▶ **Exercise description**
Leave out each picture. Repeat everything else in the records exactly.

▶ **Recorded information**
====================

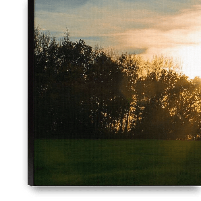 Buy this landscape artwork Warm sunlight behind trees at dawn with wide endless green meadow by adventure-photos on canvas, ArtFrame, poster and wallpaper, printed on demand in high quality.
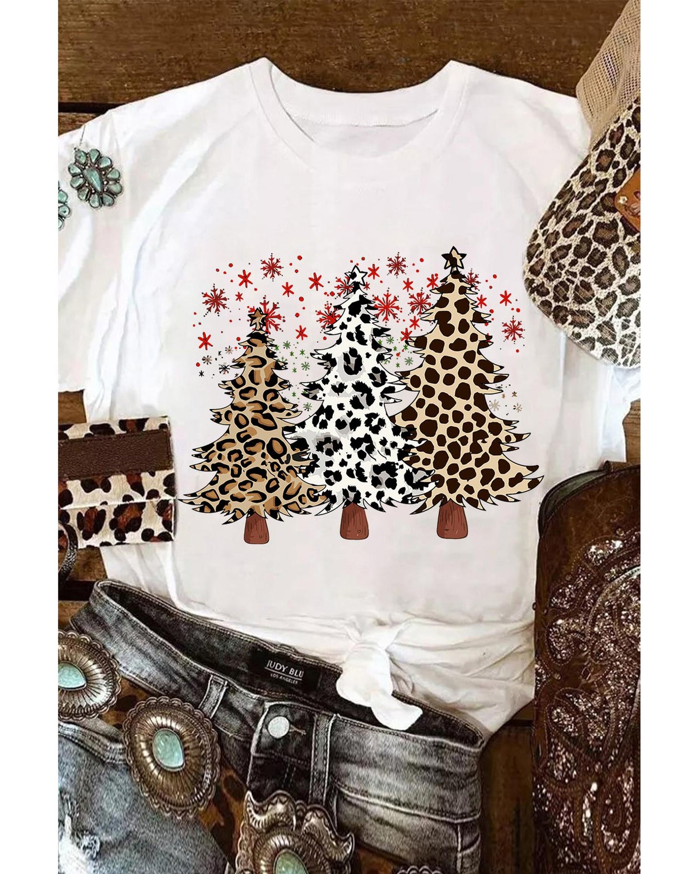 - White Leopard Christmas Tree Graphic Crewneck Tee
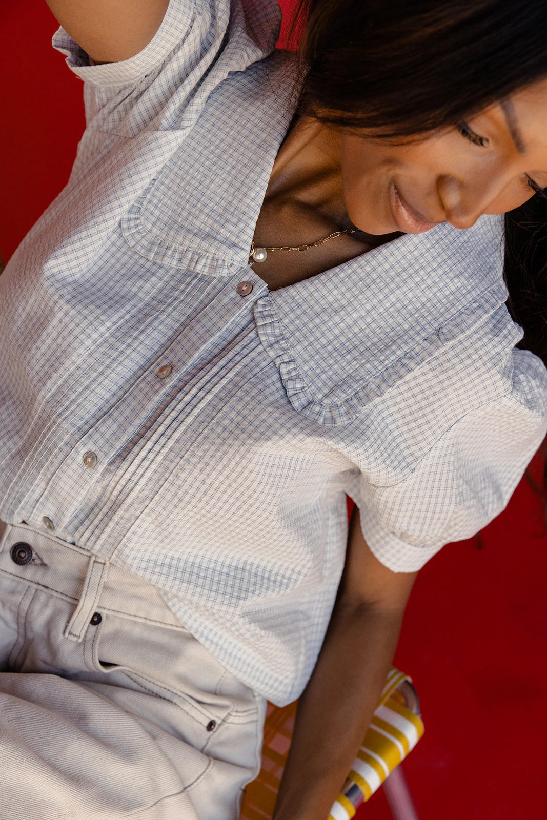 Upgrade your style with a piece that perfectly balances vintage charm and contemporary flair. This blue gingham blouse is the ultimate solution for those looking to add a feminine, standout touch to their daily rotation while maintaining a sophisticated edge.
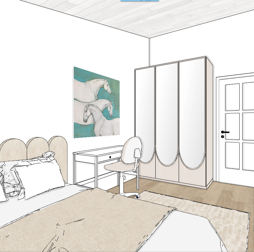 scallop headboard around the bed is upholstered in light beige boucl fabric not wood ceiling is white painted wood walls are white downward scallop detail on wardrobe door is mirror
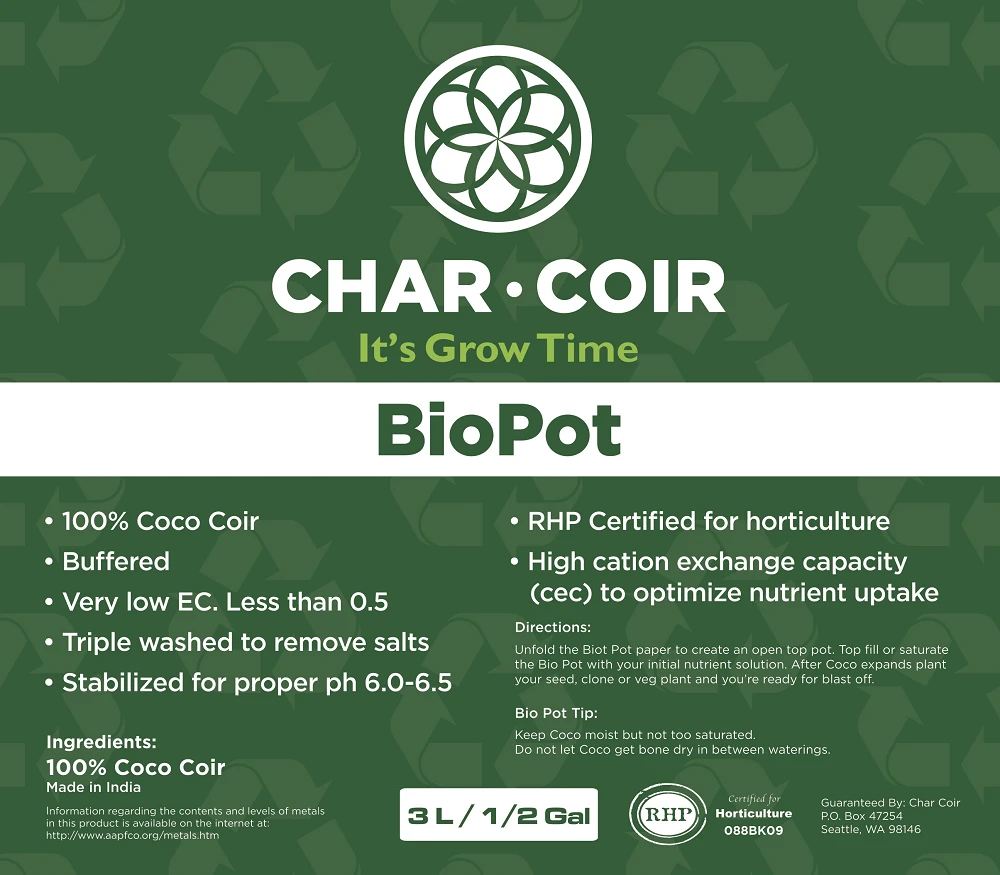 Char Coir is making things a lot easier with the BioPots. Premium lab-tested coco coir has been compressed and packaged in a non-woven paper wrapper. These are open-topped for easy hydration and available in 4″, 3 liter and 8 liter. You simply open the box, unfold the wrapper and hydrate. It’s that easy.
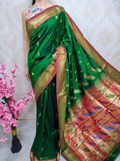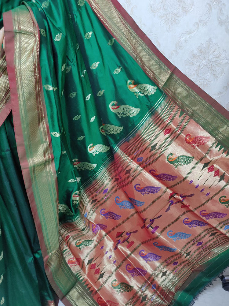 This is a Paithani Pure Silk Saree, which you would love to have it in your wardrobe. This Saree is a perfect occasion wear. Its an exclusive Handloom weaved saree made of Pure Silk and zari . This saree is the result of a painstakingly complex process of weaving & dyeing. (This saree wiil be made on order basis)
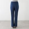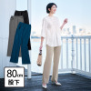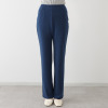 ウエストは締め付け感の少ない総ゴム仕様。楽なのにゴムジワ・ダボつきのないスッキリとしたウエストを実現しました。股上はお腹とヒップをやさしく包み込む、安心感のあるおへその上に設定。ウエストからヒップは身体の丸みに合わせてゆったりフィットするよう設計し、ヒップ周りから裾にかけてはコンパクトなシルエットに仕上げました。
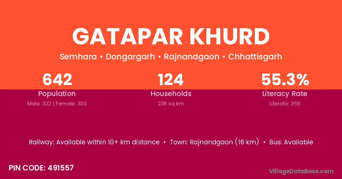 Rajnandgaon (16 km) is the nearest town to Gatapar Khurd village for major economic activities and is located approximately 16 km away.
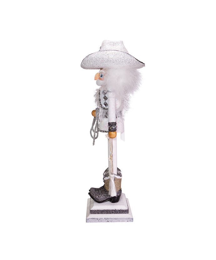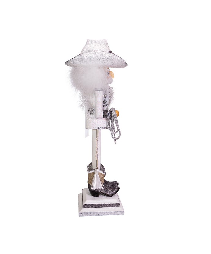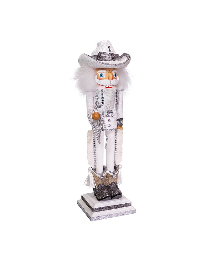 Hollywood Nutcrackers™ is a whimsical collection of nutcrackers created exclusively for Kurt S. Adler, Inc. and features an assortment of designs that put a unique, vibrant, memorable twist on traditional nutcrackers. This 19-inch Rhinestone Cowboy nutcracker features a cowboy in white and silver with a glittered cowboy hat and cowboy boots. He stands on a white and silver glittered base, has clear gemstone accents and is holding a silver lasso.
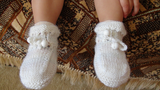 Просто увидела знакомые пинеточки... Я похожие на двух спицах вяжу, очень мне эта моделька нравится - легко и симпатично получается!

====================

▶ **Exercise answer**
 Buy this landscape artwork Warm sunlight behind trees at dawn with wide endless green meadow by adventure-photos on canvas, ArtFrame, poster and wallpaper, printed on demand in high quality.
 - White Leopard Christmas Tree Graphic Crewneck Tee
 Upgrade your style with a piece that perfectly balances vintage charm and contemporary flair. This blue gingham blouse is the ultimate solution for those looking to add a feminine, standout touch to their daily rotation while maintaining a sophisticated edge.
 scallop headboard around the bed is upholstered in light beige boucl fabric not wood ceiling is white painted wood walls are white downward scallop detail on wardrobe door is mirror
 Char Coir is making things a lot easier with the BioPots. Premium lab-tested coco coir has been compressed and packaged in a non-woven paper wrapper. These are open-topped for easy hydration and available in 4″, 3 liter and 8 liter. You simply open the box, unfold the wrapper and hydrate. It’s that easy.
 This is a Paithani Pure Silk Saree, which you would love to have it in your wardrobe. This Saree is a perfect occasion wear. Its an exclusive Handloom weaved saree made of Pure Silk and zari . This saree is the result of a painstakingly complex process of weaving & dyeing. (This saree wiil be made on order basis)
 ウエストは締め付け感の少ない総ゴム仕様。楽なのにゴムジワ・ダボつきのないスッキリとしたウエストを実現しました。股上はお腹とヒップをやさしく包み込む、安心感のあるおへその上に設定。ウエストからヒップは身体の丸みに合わせてゆったりフィットするよう設計し、ヒップ周りから裾にかけてはコンパクトなシルエットに仕上げました。
 Rajnandgaon (16 km) is the nearest town to Gatapar Khurd village for major economic activities and is located approximately 16 km away.
 Hollywood Nutcrackers™ is a whimsical collection of nutcrackers created exclusively for Kurt S. Adler, Inc. and features an assortment of designs that put a unique, vibrant, memorable twist on traditional nutcrackers. This 19-inch Rhinestone Cowboy nutcracker features a cowboy in white and silver with a glittered cowboy hat and cowboy boots. He stands on a white and silver glittered base, has clear gemstone accents and is holding a silver lasso.
 Просто увидела знакомые пинеточки... Я похожие на двух спицах вяжу, очень мне эта моделька нравится - легко и симпатично получается!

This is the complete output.